THE DATA below:
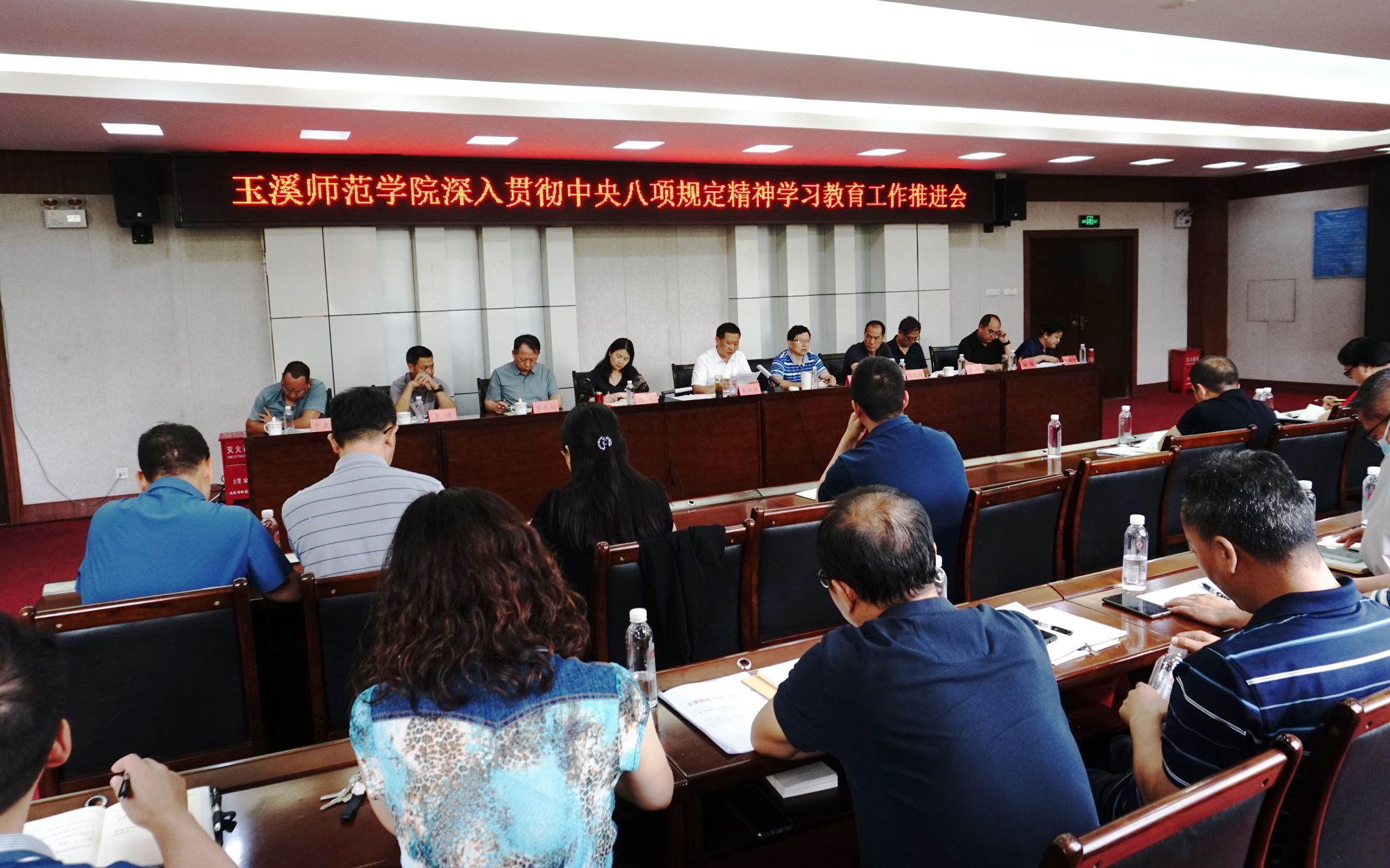 5月22日下午,玉溪师范学院在图书馆3003会议室召开深入贯彻中央八项规定精神学习教育工作推进会,校党委书记姜家雄主持会议并讲话。学校党政领导、二级党委书记、各部门主要负责人、学习教育工作专班成员参加会议。
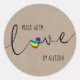 For your homemade, handmade gifts, our "Made With Love" stickers (and also made with PRIDE!) are the perfect finishing touch! This cute design features "love" in script lettering with an offset RAINBOW heart for a pop of color and matching hand lettered typography and is set on a faux Kraft™ background. The modern, stylish design will set your artisan work apart from the others, whether you make soap, jellies and jams, and other handmade presents! #Crafts #HandCrafted #SmallBusiness #Handmade
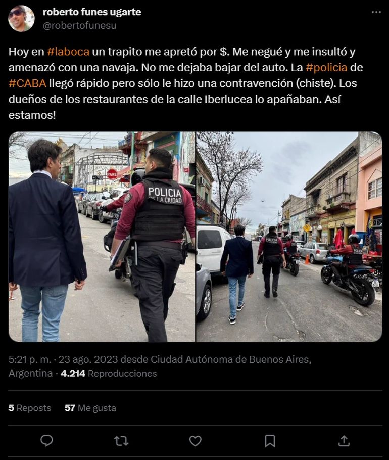 Roberto Funes Ugarte reveló recientemente en sus redes sociales que le tocó vivir un mal momento en el barrio porteño de La Boca. Se debe a que intentó estacionar en el barrio porteño de La Boca cuando fue increpado por un trapito que terminó amenazándolo con una navaja.
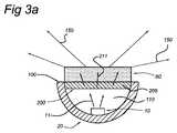 このように、発光材料部205は、LED上にコーティング部のような層で又は複数のコーティング部で設けられている。しかしながら、発光材料部205は、光チャンバの壁部に設けられてもよい(以下も参照されたい。)。また、発光材料部205は、透過性の支持体又は発光セラミック材料のような透過性の材料中又はその上に含まれることもあり得る。  Thus, the light emitting
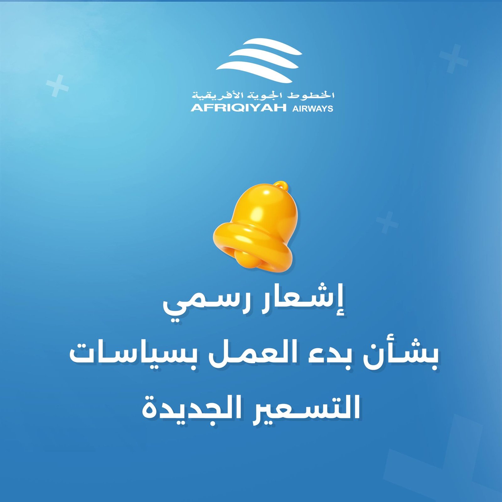 أعلنت شركة الخطوط الجوية الإفريقية، اعتماد وتطبيق التحديثات الجديدة على أسعار التذاكر في إطار التحديثات المتعلقة بسياسات التسعير الجديدة الصادرة عن مصرف ليبيا المركزي، والمتعلقة بتعديل سعر صرف الدينار مقابل الدولار.
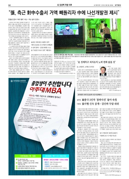 [北 장성택 처형 이후]“北 경제특구 외자유치 노력 변화 없을 것”
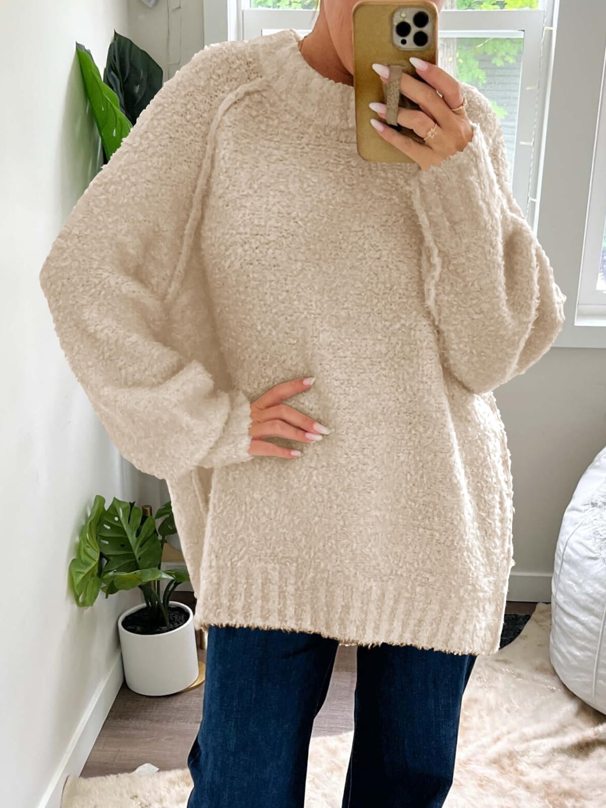 Features: Fuzzy fabric, oversized, long sleeve, ribbed knit hem, crew neck, drop shoulder, casual slouchy style, loose fit, solid color. The fuzzy sweater for women is good for early spring, fall and winter days.
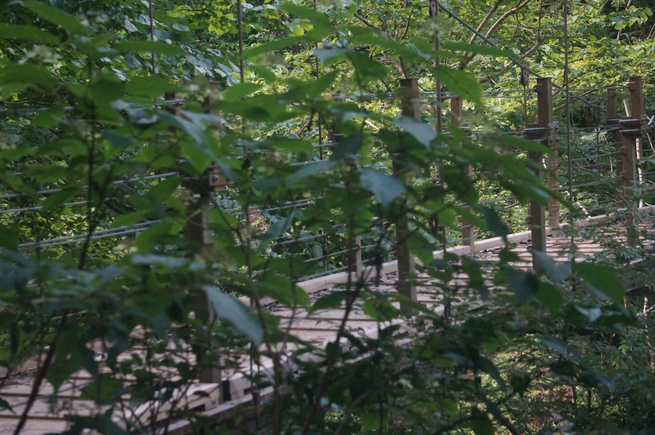 チーズケーキソフトで少し休憩したら、自然研究路の4号路経由で下山です。山歩きの楽しさを味わえ、途中には吊り橋など見所もあるオススメルートなのですが、かなり狭い所もあるので滑落にも注意しなければなりません。パンプスで登っていた女性客は相当コワかっただろうと思います。今日は上り下りの登山者が多過ぎ、途中で何度も立ち止まってお互いに道を譲り合う必要がありました。こういうことを当たり前で出来るのが日本人登山者の良いところです。さらなる下りはリフトやケーブルカーを利用せず1号路で山麓まで一気に下りたのですが、意外に傾きがきつい下り坂なので想像以上に膝などにキます。逆に登って来る方々は途中の平坦な所に相当の人数が滞留して休憩をとっていました。高尾山のケーブルカーは日本一の急勾配を上ってゆくことで有名ですから、当然と言えば当然でした・・・。
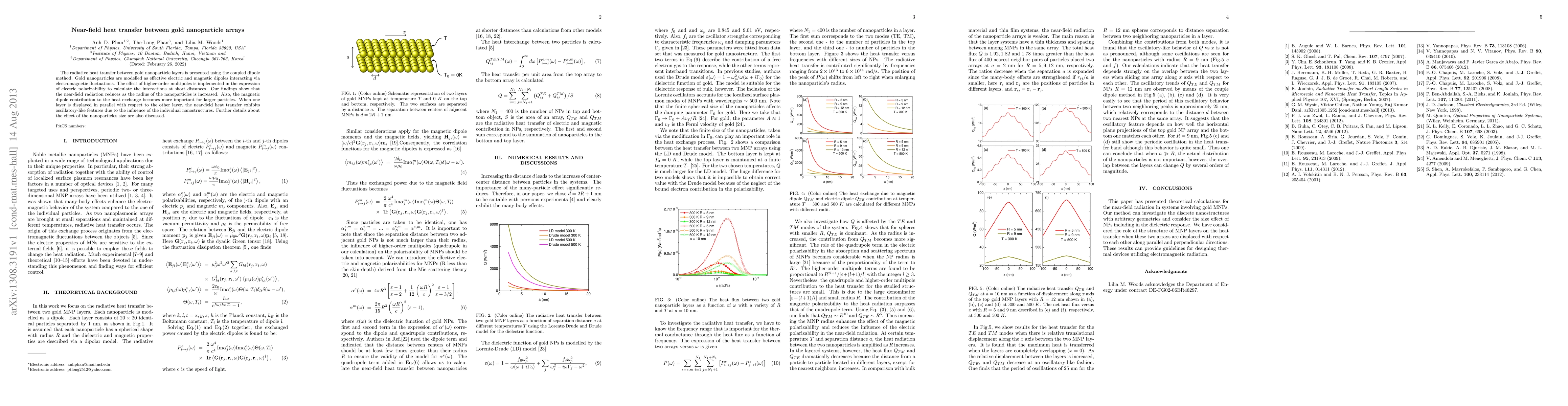 The radiative heat transfer between gold nanoparticle layers is presented using the coupled dipole method. Gold nanoparticles are modelled as effective electric and magnetic dipoles interacting via electromagnetic fluctuations. The effect of higher-order multipoles is implemented in the expression of electric polarizability to calculate the interactions at short distances. Our findings show that the near-field radiation reduces as the radius of the nanoparticles is increased. Also, the magnetic dipole contribution to the heat exchange becomes more important for larger particles. When one layer is displayed in parallel with respect to the other layer, the near-field heat transfer exhibits oscillatory-like features due to the influence of the individual nanostructures. Further details about the effect of the nanoparticles size are also discussed.
End of THE DATA.
_REQUIREMENT_.
Above are some records. Output exactly the lines from the one that contains "Roberto Funes Ugarte" to the one that contains "경제특구 외자유치 노력", keeping both, and omit the pictures.

_OUTPUT_.
 Roberto Funes Ugarte reveló recientemente en sus redes sociales que le tocó vivir un mal momento en el barrio porteño de La Boca. Se debe a que intentó estacionar en el barrio porteño de La Boca cuando fue increpado por un trapito que terminó amenazándolo con una navaja.
 このように、発光材料部205は、LED上にコーティング部のような層で又は複数のコーティング部で設けられている。しかしながら、発光材料部205は、光チャンバの壁部に設けられてもよい(以下も参照されたい。)。また、発光材料部205は、透過性の支持体又は発光セラミック材料のような透過性の材料中又はその上に含まれることもあり得る。  Thus, the light emitting
 أعلنت شركة الخطوط الجوية الإفريقية، اعتماد وتطبيق التحديثات الجديدة على أسعار التذاكر في إطار التحديثات المتعلقة بسياسات التسعير الجديدة الصادرة عن مصرف ليبيا المركزي، والمتعلقة بتعديل سعر صرف الدينار مقابل الدولار.
 [北 장성택 처형 이후]“北 경제특구 외자유치 노력 변화 없을 것”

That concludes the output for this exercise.